Dataset records:
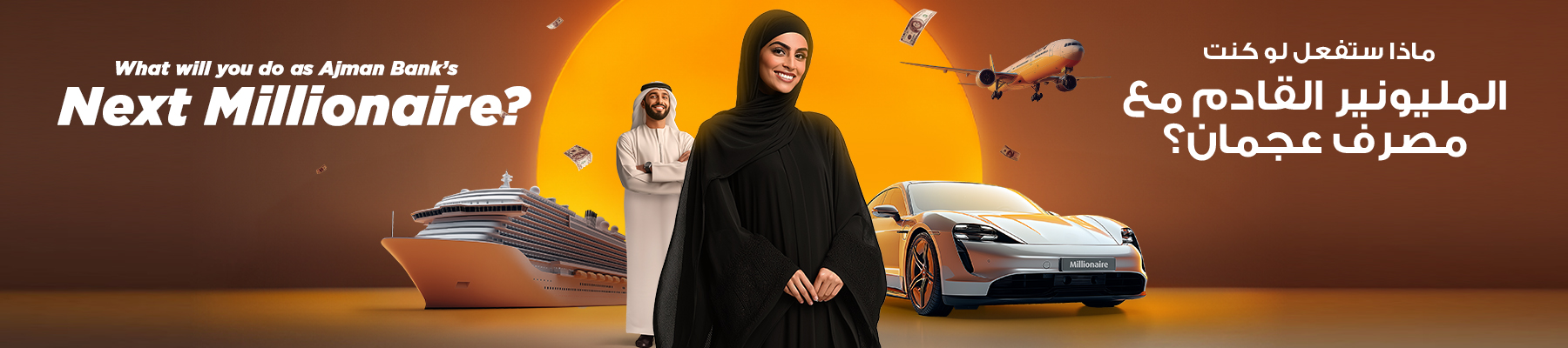 Save, Win and Become an Ajman Bank Millionaire, Start Saving now with the Ajman Bank Millionaire Account to get a chance to win 1 Million 2 times a year and 10 prizes of 5,000/- every month.
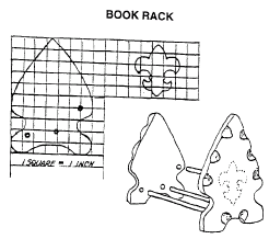 It also helps to keep your room in order. Making this book rack is not difficult and is a good woodworking project. The end boards of the rack are cut out in the shape of a huge Indian arrowhead. See template for pattern. These are cut from one-half inch hardwood.
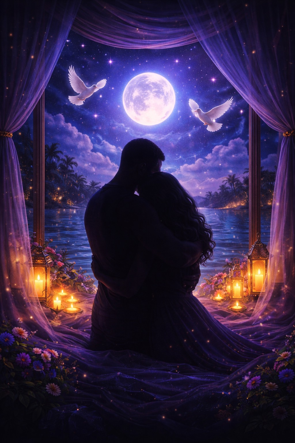 Romantic Intimate R&B Duet with Light Melodic Rap, Male Dominant Warm Baritone Lead, Soft Ethereal Female Harmonies, Sensual Slow Groove Tempo, Deep Sub Bass, Smooth 808 Pulse, Gentle Trap Percussion, Lush Rhodes Piano Chords, Ambient Night Atmosphere Pads, Subtle Electric Guitar Textures, Emotional Vocal Runs, Cinematic Reverb Space, Spoken Word Outro, Soft Scripture Whisper Layer, Devotional Covenant Love Theme, deep
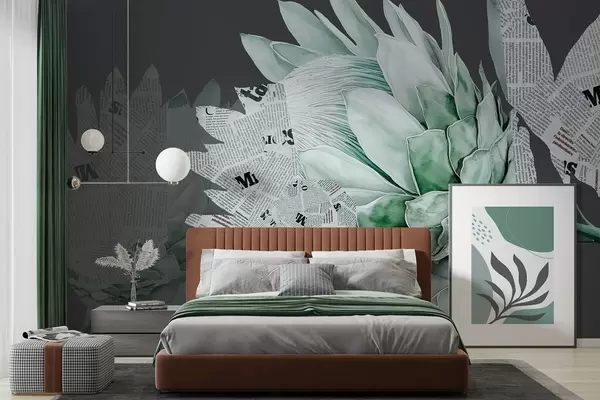 Fototapet Protea-blomster, aviskunst, blomster, tropisk, mørk baggrund, grønne farver Nr. w03667v3
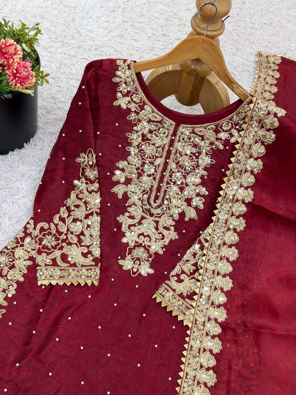 Be the first to review “Stunning Red Traditional Wear Kurti Plazzo Set for Eid Glam”
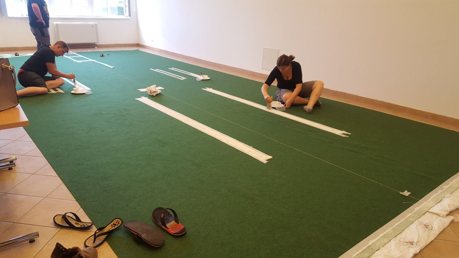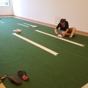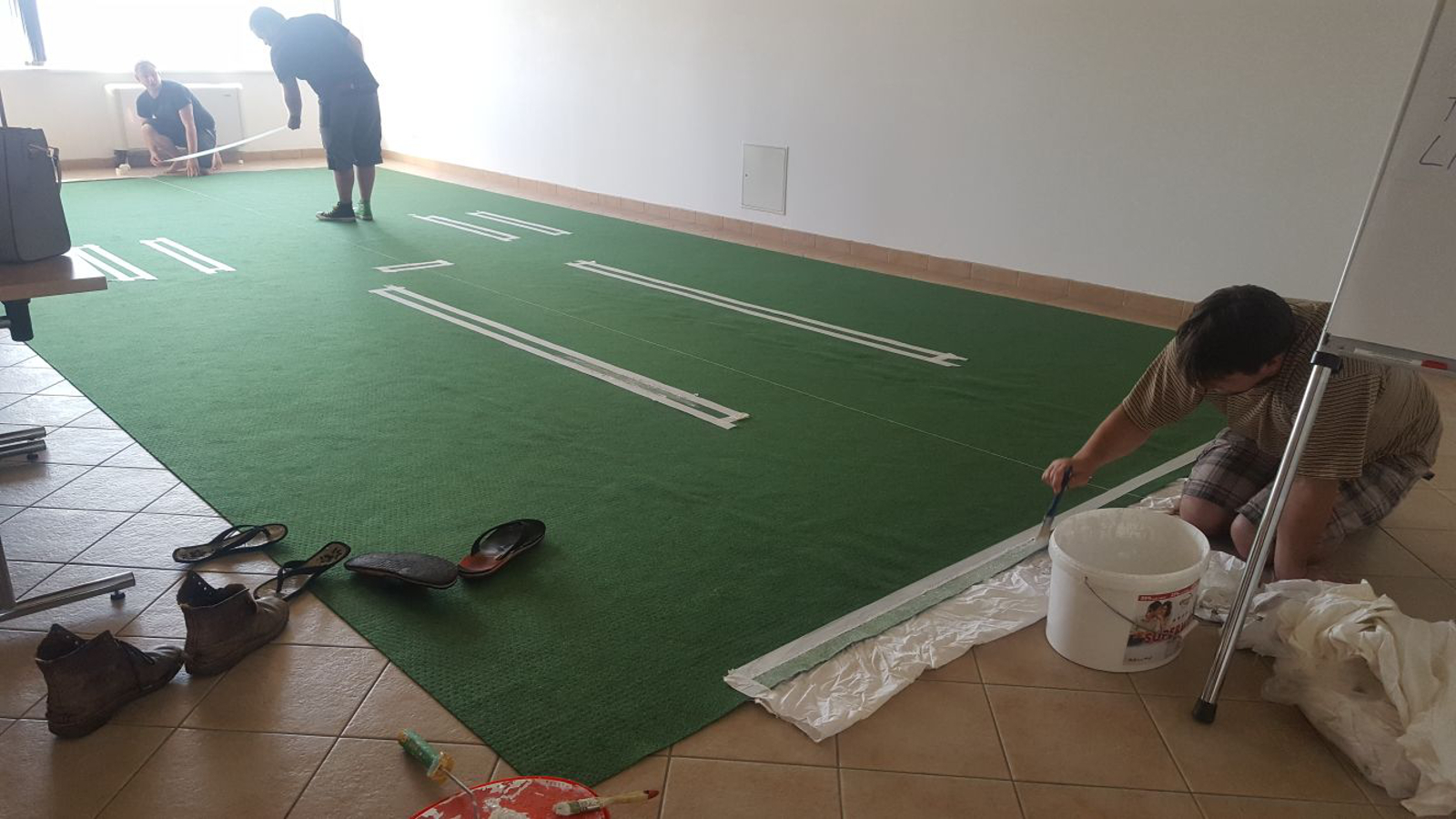 Die Vorbereitungen für unseren heurigen Kuppelcup laufen bereits auf Hochtouren. Derzeit kümmert sich unser Team darum einen neuen Teppich auszumessen und zu bemalen.
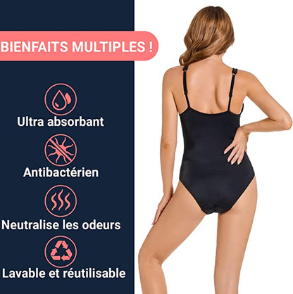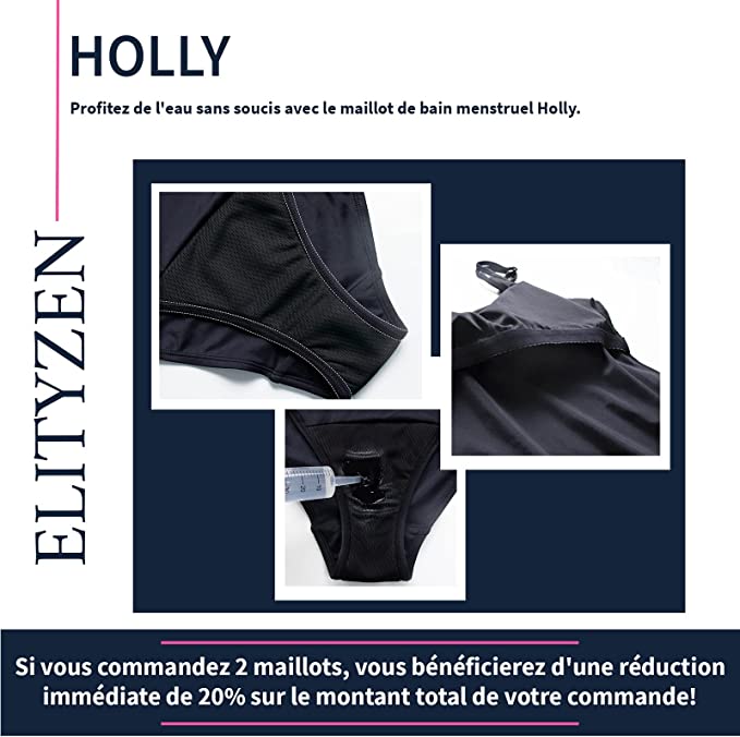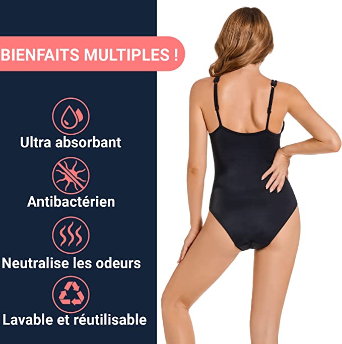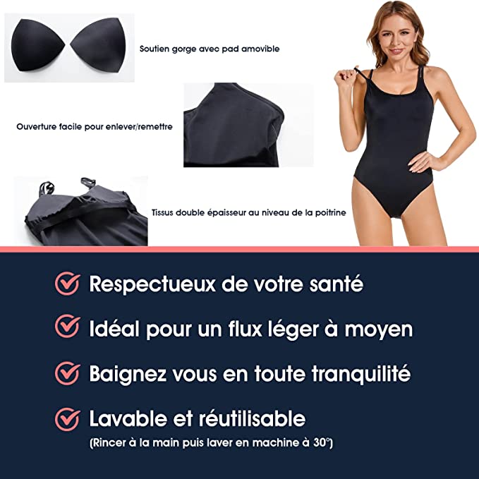 Discreet, comfortable and very practical, this menstrual swimsuit has an integrated absorbent core to retain blood. Specially designed for swimming and able to absorb the equivalent of 2 to 3 tampons, this menstrual swimsuit ensures peace of mind in the water but especially out of the water.
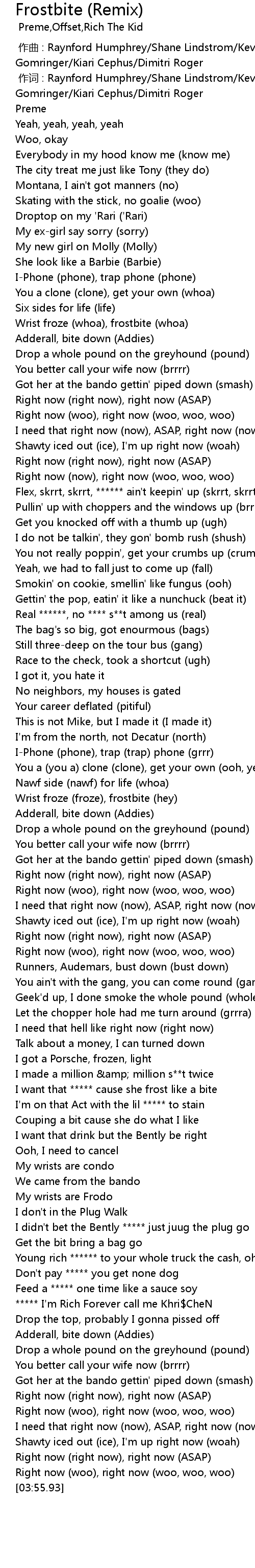 | [00:43.16] | Wrist froze whoa, frostbite whoa |
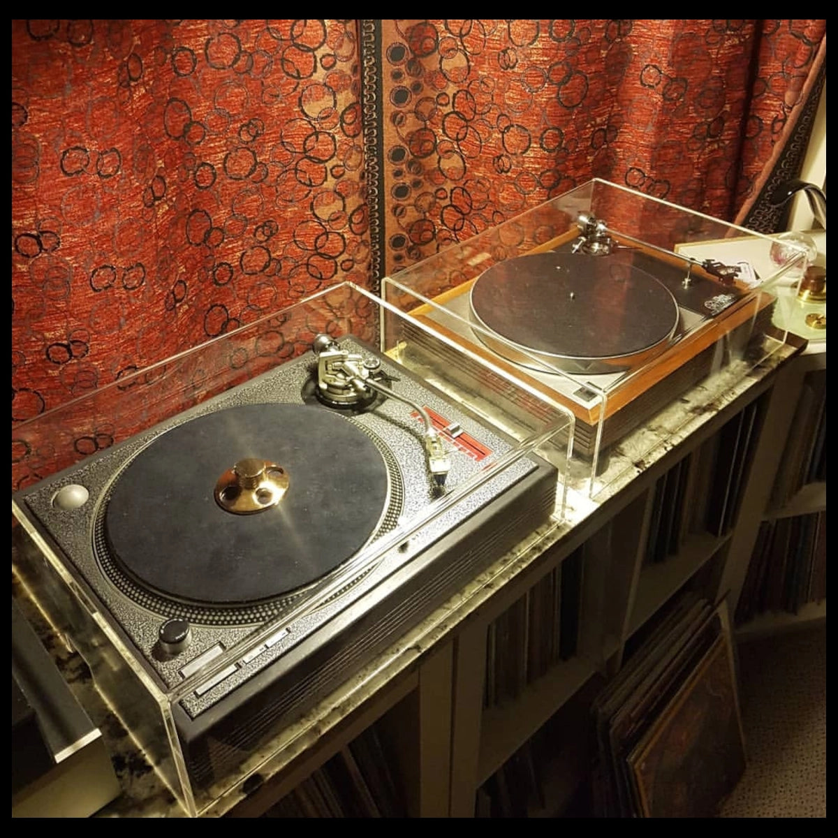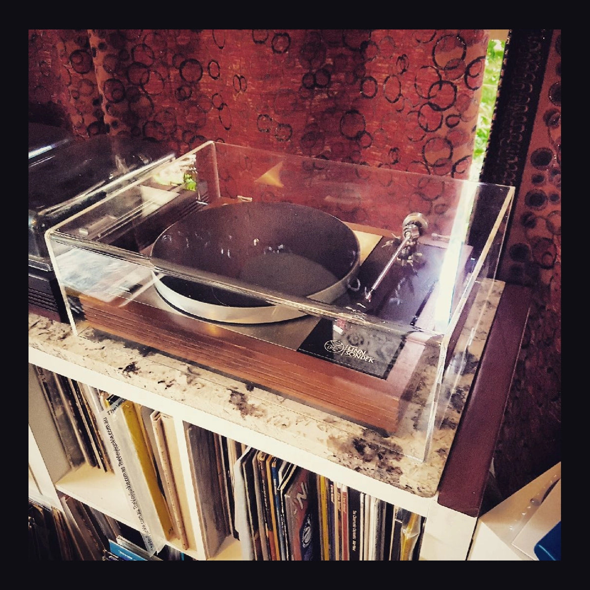 A custom made acrylic dust cover for Linn Sondek LP12 turntable.
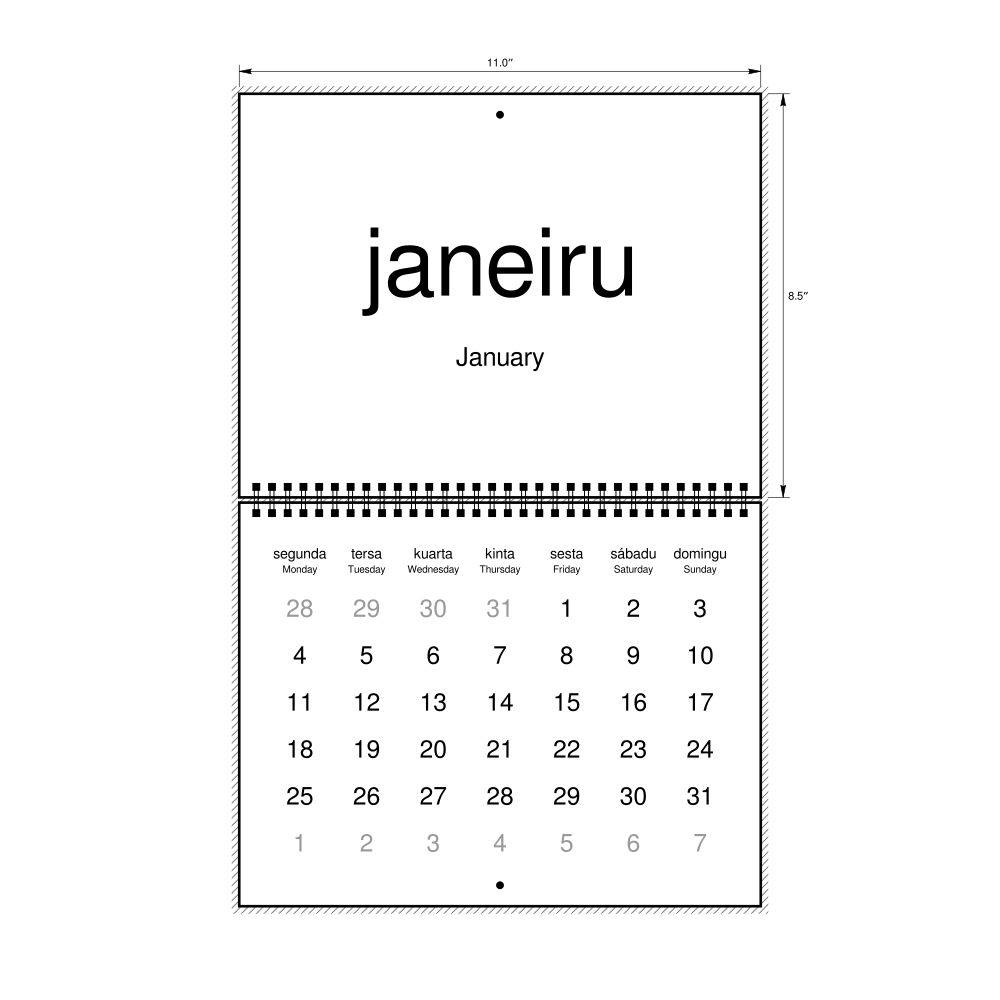 2027 Wall CalendarTetum/English-Labeled, Monday-Start Layout, Wire-Bound, 11 x 8.5 in (27.9 x 21.6 cm)

Brief: Nothing but the lines above from the one that has "Die Vorbereitungen für" down to the one that has "frostbite whoa |" belongs in the answer, copied exactly, without pictures.

Response to the task:
 Die Vorbereitungen für unseren heurigen Kuppelcup laufen bereits auf Hochtouren. Derzeit kümmert sich unser Team darum einen neuen Teppich auszumessen und zu bemalen.
 Discreet, comfortable and very practical, this menstrual swimsuit has an integrated absorbent core to retain blood. Specially designed for swimming and able to absorb the equivalent of 2 to 3 tampons, this menstrual swimsuit ensures peace of mind in the water but especially out of the water.
 | [00:43.16] | Wrist froze whoa, frostbite whoa |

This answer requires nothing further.